*Task to complete*. From the first line to the last, give the listing again exactly.

*Records shown*.
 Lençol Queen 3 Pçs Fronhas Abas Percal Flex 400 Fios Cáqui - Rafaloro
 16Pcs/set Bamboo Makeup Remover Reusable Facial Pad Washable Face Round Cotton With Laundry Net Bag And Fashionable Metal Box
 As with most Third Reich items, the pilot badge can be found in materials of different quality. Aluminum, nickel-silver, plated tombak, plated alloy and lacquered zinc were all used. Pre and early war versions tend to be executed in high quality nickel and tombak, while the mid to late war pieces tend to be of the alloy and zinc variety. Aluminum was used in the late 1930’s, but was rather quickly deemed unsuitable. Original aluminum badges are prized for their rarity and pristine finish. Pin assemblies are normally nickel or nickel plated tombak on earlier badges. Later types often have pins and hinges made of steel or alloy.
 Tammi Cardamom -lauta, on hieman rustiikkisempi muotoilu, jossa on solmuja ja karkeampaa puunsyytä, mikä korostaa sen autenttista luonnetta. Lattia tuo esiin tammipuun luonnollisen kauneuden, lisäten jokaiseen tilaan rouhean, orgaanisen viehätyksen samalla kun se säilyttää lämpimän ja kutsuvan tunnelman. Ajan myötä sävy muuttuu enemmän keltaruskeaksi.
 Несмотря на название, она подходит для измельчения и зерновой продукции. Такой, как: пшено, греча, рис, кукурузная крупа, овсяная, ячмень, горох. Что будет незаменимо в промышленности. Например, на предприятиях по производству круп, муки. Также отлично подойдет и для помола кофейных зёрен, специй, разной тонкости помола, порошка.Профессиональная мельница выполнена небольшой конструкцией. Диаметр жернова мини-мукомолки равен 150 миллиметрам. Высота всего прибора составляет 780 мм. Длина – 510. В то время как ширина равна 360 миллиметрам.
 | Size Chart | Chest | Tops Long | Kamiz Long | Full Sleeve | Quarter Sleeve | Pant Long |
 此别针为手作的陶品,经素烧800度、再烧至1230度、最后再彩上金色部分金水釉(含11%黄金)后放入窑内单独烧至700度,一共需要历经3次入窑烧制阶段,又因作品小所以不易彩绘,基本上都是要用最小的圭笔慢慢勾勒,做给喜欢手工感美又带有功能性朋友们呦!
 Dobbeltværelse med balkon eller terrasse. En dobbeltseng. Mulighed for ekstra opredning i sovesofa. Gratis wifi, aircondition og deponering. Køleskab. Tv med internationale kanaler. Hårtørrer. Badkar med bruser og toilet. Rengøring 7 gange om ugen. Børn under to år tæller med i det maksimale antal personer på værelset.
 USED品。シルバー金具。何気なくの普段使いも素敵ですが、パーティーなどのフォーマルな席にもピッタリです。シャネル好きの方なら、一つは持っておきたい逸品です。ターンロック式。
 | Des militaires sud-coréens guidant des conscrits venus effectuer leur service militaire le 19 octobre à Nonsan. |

*Solution to this exercise*.
 Lençol Queen 3 Pçs Fronhas Abas Percal Flex 400 Fios Cáqui - Rafaloro
 16Pcs/set Bamboo Makeup Remover Reusable Facial Pad Washable Face Round Cotton With Laundry Net Bag And Fashionable Metal Box
 As with most Third Reich items, the pilot badge can be found in materials of different quality. Aluminum, nickel-silver, plated tombak, plated alloy and lacquered zinc were all used. Pre and early war versions tend to be executed in high quality nickel and tombak, while the mid to late war pieces tend to be of the alloy and zinc variety. Aluminum was used in the late 1930’s, but was rather quickly deemed unsuitable. Original aluminum badges are prized for their rarity and pristine finish. Pin assemblies are normally nickel or nickel plated tombak on earlier badges. Later types often have pins and hinges made of steel or alloy.
 Tammi Cardamom -lauta, on hieman rustiikkisempi muotoilu, jossa on solmuja ja karkeampaa puunsyytä, mikä korostaa sen autenttista luonnetta. Lattia tuo esiin tammipuun luonnollisen kauneuden, lisäten jokaiseen tilaan rouhean, orgaanisen viehätyksen samalla kun se säilyttää lämpimän ja kutsuvan tunnelman. Ajan myötä sävy muuttuu enemmän keltaruskeaksi.
 Несмотря на название, она подходит для измельчения и зерновой продукции. Такой, как: пшено, греча, рис, кукурузная крупа, овсяная, ячмень, горох. Что будет незаменимо в промышленности. Например, на предприятиях по производству круп, муки. Также отлично подойдет и для помола кофейных зёрен, специй, разной тонкости помола, порошка.Профессиональная мельница выполнена небольшой конструкцией. Диаметр жернова мини-мукомолки равен 150 миллиметрам. Высота всего прибора составляет 780 мм. Длина – 510. В то время как ширина равна 360 миллиметрам.
 | Size Chart | Chest | Tops Long | Kamiz Long | Full Sleeve | Quarter Sleeve | Pant Long |
 此别针为手作的陶品,经素烧800度、再烧至1230度、最后再彩上金色部分金水釉(含11%黄金)后放入窑内单独烧至700度,一共需要历经3次入窑烧制阶段,又因作品小所以不易彩绘,基本上都是要用最小的圭笔慢慢勾勒,做给喜欢手工感美又带有功能性朋友们呦!
 Dobbeltværelse med balkon eller terrasse. En dobbeltseng. Mulighed for ekstra opredning i sovesofa. Gratis wifi, aircondition og deponering. Køleskab. Tv med internationale kanaler. Hårtørrer. Badkar med bruser og toilet. Rengøring 7 gange om ugen. Børn under to år tæller med i det maksimale antal personer på værelset.
 USED品。シルバー金具。何気なくの普段使いも素敵ですが、パーティーなどのフォーマルな席にもピッタリです。シャネル好きの方なら、一つは持っておきたい逸品です。ターンロック式。
 | Des militaires sud-coréens guidant des conscrits venus effectuer leur service militaire le 19 octobre à Nonsan. |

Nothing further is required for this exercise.